■ Your instructions
Pictures are not part of the answer. Return the lines from the one containing "Ötən ay 28 aptekdə yoxlama aparılıb" through the end of the data, both included, exactly as they appear.

(Source records)
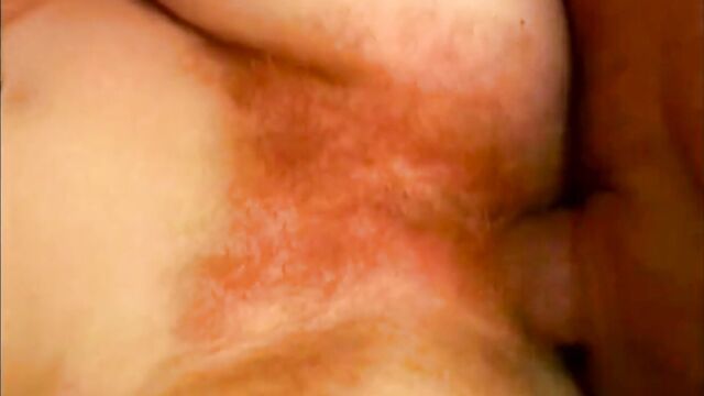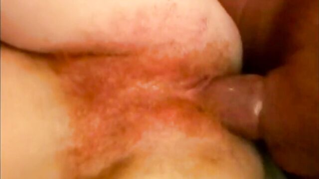 Description: Hairy redhead bitch pounded on her bed and gets her huge bush covered with his thick white load.
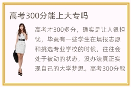 高考才300多分,确实是让人很担忧,毕竟有一些学生在填报志愿和挑选专业学校的时候,往往会处于被动的状态,没办法真正实现自己的大学梦想。高考300分能上大专吗,高考300多分也可以考上大专院校,因为大专院校的分数线一般都不太高,只要可以在学校遵守纪律,听老师的讲课,和其他同学相处融洽,大专院校都非常欢迎同学的到来。技术学院的排名有良好的作用,有些技术学院的排名靠前,说明综合实力较强,有很完整的辅导方案,同学的进步效果更好。职业学院的师资相当优越,不少职业技术学院的老师已经工作多年,了解同学在专业发展过程中遇到的难题,也会针对同学面临的困境,进行针对性的指导,同学掌握这些技术之后,职业竞争力和操作水平会变得更强。
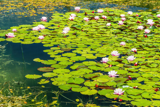 Beautiful pink lotus or water lily flowers blooming on pond
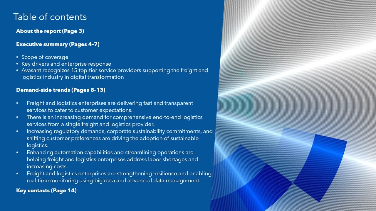 This report identifies key demand-side trends in the freight and logistics industry that can help enterprises fine-tune their digital strategies. It also provides an overview of enterprise challenges in this space based on Avasant’s assessment.
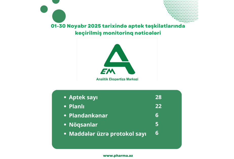Ötən ay 28 aptekdə yoxlama aparılıb
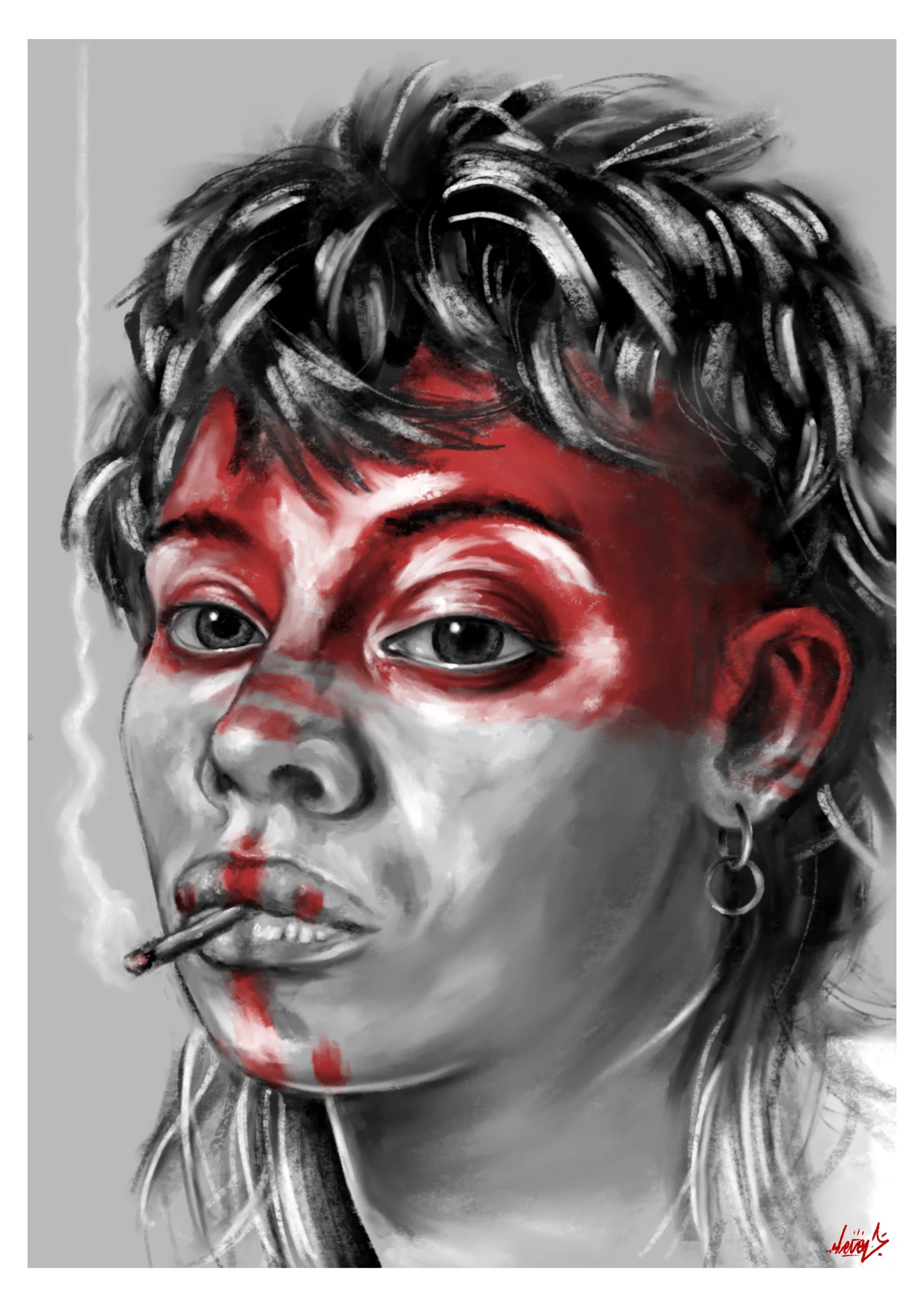 Two hour and forty seven minute digital portrait study of a post apocalyptic, zoot chuffin swamp princess named Deva. Original photo was in colour. I like turning portraits into monochromatic tones so I can add a splash of one bold colour, usually red, in the form of some kind tribal war paint.
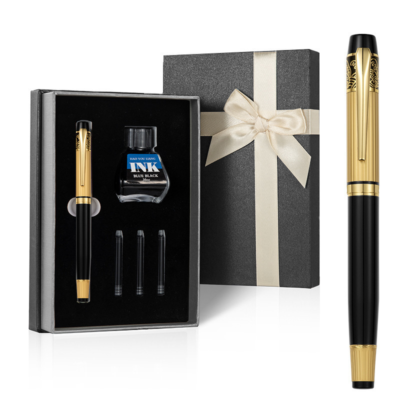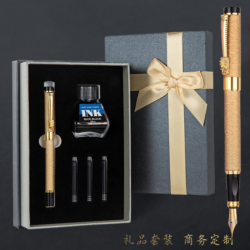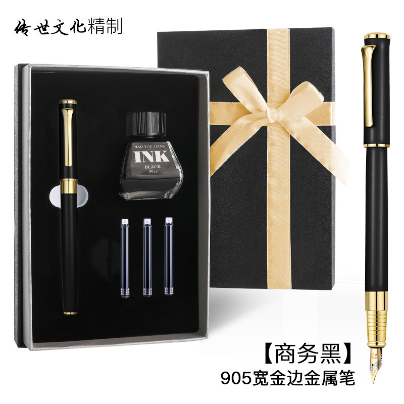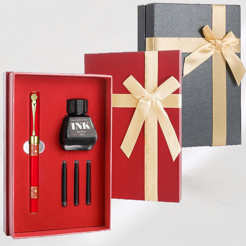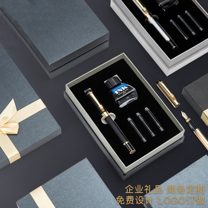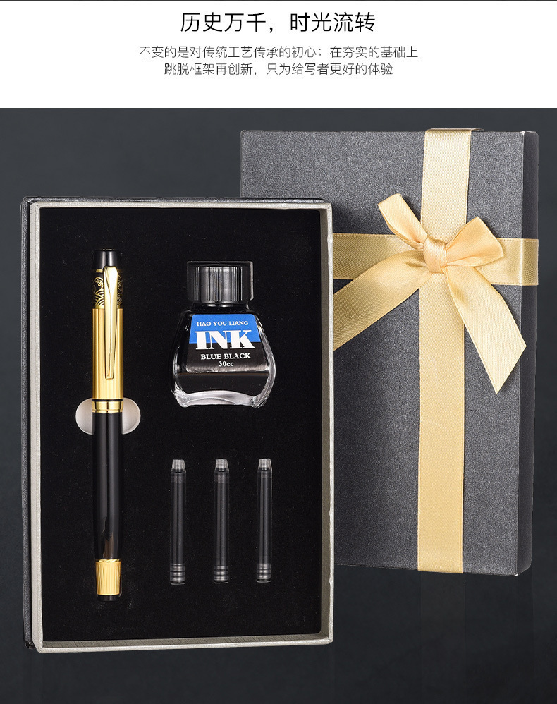 蝴蝶结礼品套装签字笔钢笔墨水墨囊金属办公商务钢笔礼品套装批发

■ Final answer
Ötən ay 28 aptekdə yoxlama aparılıb
 Two hour and forty seven minute digital portrait study of a post apocalyptic, zoot chuffin swamp princess named Deva. Original photo was in colour. I like turning portraits into monochromatic tones so I can add a splash of one bold colour, usually red, in the form of some kind tribal war paint.
 蝴蝶结礼品套装签字笔钢笔墨水墨囊金属办公商务钢笔礼品套装批发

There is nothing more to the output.